The study conclusion was that 1) figs are dense in phenol antioxidants and nutrients, especially fiber; 2) they're potent antioxidants (when they're eaten); 3) dried fruit makes up less than 1 percent of the fruits consumed by most Americans; and 4) dried fruits should be eaten more often because of these findings.3
Scientists studying the effect of fresh fig "latex" on a stomach cancer cell line found that the latex acted as an anticancer substance without any toxic effect on normal cells. In another trial, dried figs were weighted down into 1 ml of distilled water for 3 months. After the water was drained, it was found that fig tree latex powder still retained its anticancer properties. Results showed that figs, dried or fresh, are possible subjects for helping treat stomach cancer.4
Fig Healthy Recipes: Turkey Cutlets with Citrus-Fig Sauce
- 1 pound fresh turkey breast slices or cutlets
- Salt and ground black pepper, to taste
- 1½ coconut oil, divided
- 1 cup thinly sliced red onion
- 1 cup figs, stemmed and halved or quartered
- ½ tsp. finely grated lime zest
- 1 cup orange sections (2 large oranges)

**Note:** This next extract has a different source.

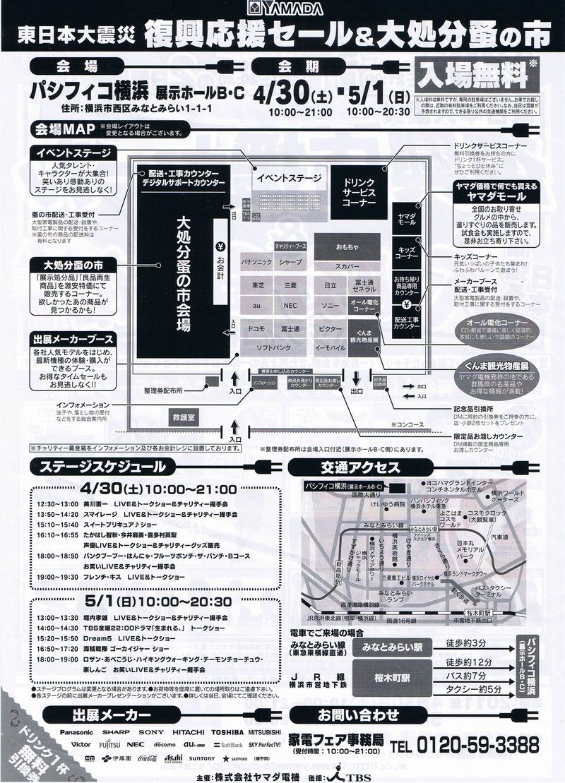 □ イベント名: 【ヤマダ電機 東日本大震災復興応援セール&大処分蚤の市 in パシフィコ横浜】

- 2-3 Tbsp. finely chopped crystallized ginger
- 2 Tbsp. fresh parsley, chopped
- 1 Tbsp. fresh lime juice
- 2 tsp. honey
- 1 Tbsp. extra virgin olive oil
- Season turkey slices on both sides with salt and pepper.
- Place 1 Tbsp. coconut oil in a large skillet over medium-high heat. Add the turkey and cook 2 to 4 minutes on each side until browned and cooked through. Transfer to a warm serving platter.
- Heat the olive oil in same skillet over medium heat. Add the onion and stir about 1 minute to soften. Add the figs, 1/3 cup water, and lime zest, cooking and stirring 2 to 3 minutes or until the liquid evaporates.
- Remove from heat; stir in the orange sections, ginger, parsley, lime juice, and honey. Adjust the consistency with a tablespoon of extra virgin olive oil. Serve over turkey.
This recipe makes 4 servings.
Fig Fun Facts
There are more than 1,000 fig species found in every major rainforest, tropical continent, and island around the world. One is the "strangler" fig - "matapalo" in Spanish, meaning “killer tree.” It sprouts at the bottom of other trees, sending roots down to the ground and growing in strength until it eventually winds its way up the trunk, slowly squeezing the host tree to death until it's simply entwining a hollow log. Strangler figs can grow as high as 148 feet.
Forget about apples - Mithradates the Great of Pontus (born in 134 B.C.) is credited with ordering his citizens to eat at least one fig per day to ward off disease. This pronouncement has held more than its weight in truth in the centuries since.
Fig is a succulent little fruit with blooms and seeds inside its fleshy skin, and is very nutritious. While it's rich in natural sugar, it also has the distinction of containing as much calcium, fiber and antioxidants as any plant-based food.
Each fig also provides just the right amounts of the nutrients magnesium, manganese, calcium, copper, potassium, vitamin K, and vitamin B6. Together, these compounds have the capacity to regulate blood sugar levels, inhibit kidney and liver problems and cancer (specifically postmenopausal breast cancer), prevent macular degeneration and high blood pressure, aid in weight loss, and protect the heart.
Figs in dried form contain even greater nutritional value than fresh, making them perfect for ancient or modern nomads. Try chopped figs in a new type of Greek salad, one including fennel and spinach leaves, arugula, and shaved Parmesan cheese.